2. The method according to claim 1, characterized in that the rules due to the characteristics of the language of the document include, including phonetic, and / or lexical, and / or semantic.

3. The method according to claim 1, characterized in that in the second step the information on the possible arrangement of uppercase and lowercase letters includes at least four varieties according to the following criteria: all characters are uppercase, all characters are lowercase, the first character is uppercase , the rest are lowercase, the option selected based on the assessment of the completed transitions from the recognized grapheme to symbols using the first type of additional information.

4. The method according to claim 1, characterized in that they use a dictionary of possible fragments of words that exist in a natural language.

5. The method according to claim 4, characterized in that each combination of possible fragments of words is provided with an estimate of the probability of use in the text.

6. The method according to claim 4, characterized in that for evaluating the word, patterns are used that differ in the composition and types of incoming characters: a bilingual word, and / or a bilingual word with numbers, and / or a dictionary identifier, and / or abbreviation, and / or a number, and / or a Roman number, and / or a number with a suffix (ordinal number), and / or a number with a prefix, and / or a word from punctuators, and / or a word + number, and / or a word with a number inside, and / or a word with brackets, and / or a phone number, and / or a URL pattern, and / or a file name together with full location information, and / or a regular pattern single expressions, and / or an auxiliary pattern.

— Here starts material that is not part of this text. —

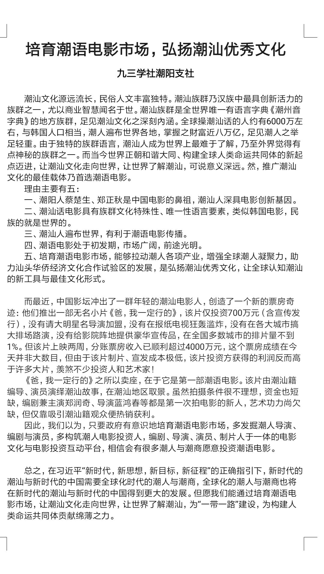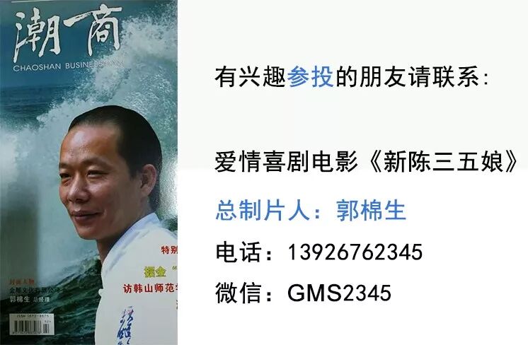 相信该片的影响力和商业潜力是非常看好的。这部电影我们已经启动创作流程,为使制作顺利进行,特邀您参与本片的投融资计划,共同推动这部有潮汕文化底蕴,有人文情怀,有商业潜力的电影的诞生,也请您推荐给有兴趣,正能量的朋友一起参与投资,分享红利。 潮汕胶己人,团结起来,我们在商业上闻名全国,这回要让全国人民除了知道我们会做生意,也会做影视文化!
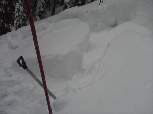Cut my block, took my skis than took one boot step uphill next to the block and the convex roll fractured 4 feet above the last crown 75 feet wide and moved about a foot. Exactly why you keep your Float pack on during a test. It did surprise me and I ended up hugging a chair sized block but again the slide had happened here couple days ago and I was standing on bed surface. I can only imagine what is was like on Sunday in these trees. The block itself triggered remotely with a Q1(easy clean) shear as well.

7. The method according to claim 1, characterized in that it contains a means for adding new rules and restrictions, including the introduction of rules for data types, which are divided into simple and composite.

8. The method according to claim 7, characterized in that the composite data types form as a connection of at least two simple or any combination of simple and composite data types.

9. The method according to claim 7, in which the data type is set in the form of at least the following characteristics: a list of characters allowed for use in words, and / or an additional rule restricting the list of characters, and / or a list of punctuation marks allowed for use, and / or grammar rules for frequently occurring words or fragments of words.